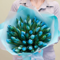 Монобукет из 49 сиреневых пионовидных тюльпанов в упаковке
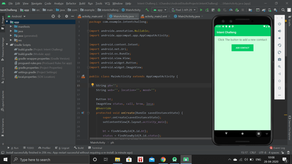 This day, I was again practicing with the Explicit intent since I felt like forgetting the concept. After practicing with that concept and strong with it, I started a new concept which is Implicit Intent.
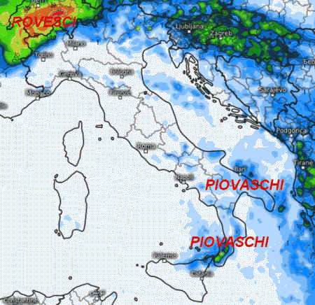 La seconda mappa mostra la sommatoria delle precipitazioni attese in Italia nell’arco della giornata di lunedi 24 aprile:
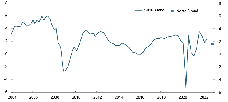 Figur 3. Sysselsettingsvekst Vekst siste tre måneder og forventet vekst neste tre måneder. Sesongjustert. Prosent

What this task involves:
Beginning with the line that has "La seconda mappa", repeat each remaining line of the data above word for word, keeping pictures out.

Exercise answer:
 La seconda mappa mostra la sommatoria delle precipitazioni attese in Italia nell’arco della giornata di lunedi 24 aprile:
 Figur 3. Sysselsettingsvekst Vekst siste tre måneder og forventet vekst neste tre måneder. Sesongjustert. Prosent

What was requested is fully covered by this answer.